DEV Community: mikerawsonnz

Authenticated Multi-LLM Agent: Google-OAuth-gated Gemini

mikerawsonnz — Mon, 15 Jun 2026 06:06:41 +0000

Securely Accessing LLMs with Authenticated Multi-LLM Agent

In today's interconnected development landscape, integrating Large Language Models (LLMs) into applications is increasingly common. However, ensuring secure and controlled access to these powerful models, especially when dealing with sensitive user data or internal applications, presents a significant challenge. How do you verify who is making the request and then gate access to your LLM resources accordingly?

This is where the Authenticated Multi-LLM Agent comes in.
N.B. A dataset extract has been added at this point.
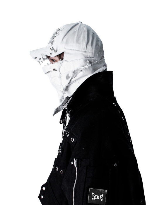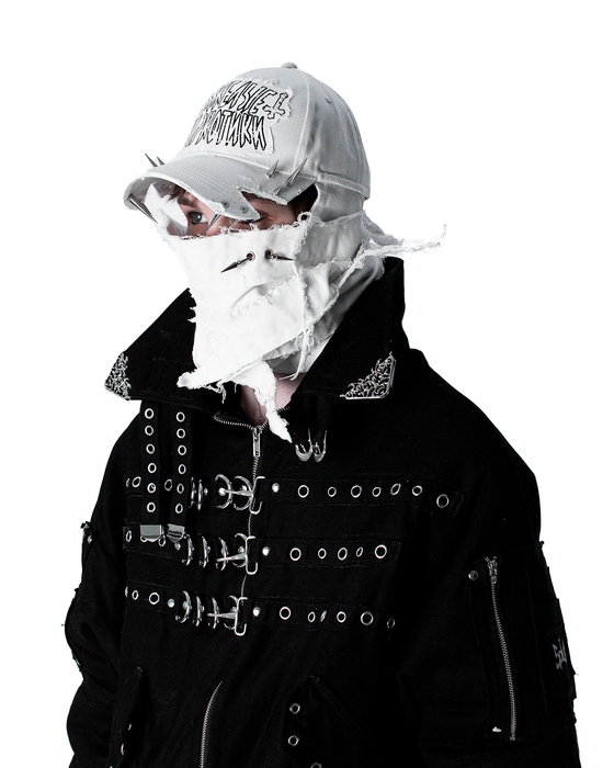ручной дистресс, нашивка с печатью, шипы сверху и снизу козырька.
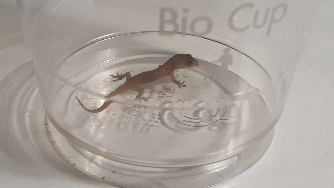 게코를 속이기 위해 못 본 척하며 계단을 올라가 녀석이 방심하고 있을 찰나 뒤에서 플라스틱 통으로 보기 좋게 잡을 수가 있었다. '도마뱀과의 수싸움에서 이겼다'는 흥분과 성취감이 교차한다. 이게 뭐라고 이렇게 기분이 좋을까.

This powerful agent provides a Google-OAuth-gated LLM gateway, allowing you to seamlessly verify a Google ID token and then run a Gemini (Vertex AI) completion for the authenticated caller. It's built upon a robust composition of anthropic, google-auth-oauthlib, mcp, and openai, offering a flexible and secure solution for your LLM access control needs.

The Problem It Solves

Imagine you're building an internal tool that leverages a powerful LLM for data analysis. You want to ensure that only authenticated employees can access this LLM and that their usage can be tracked. Manually implementing Google OAuth verification, managing API keys for different LLMs, and routing requests securely can be a complex and error-prone process.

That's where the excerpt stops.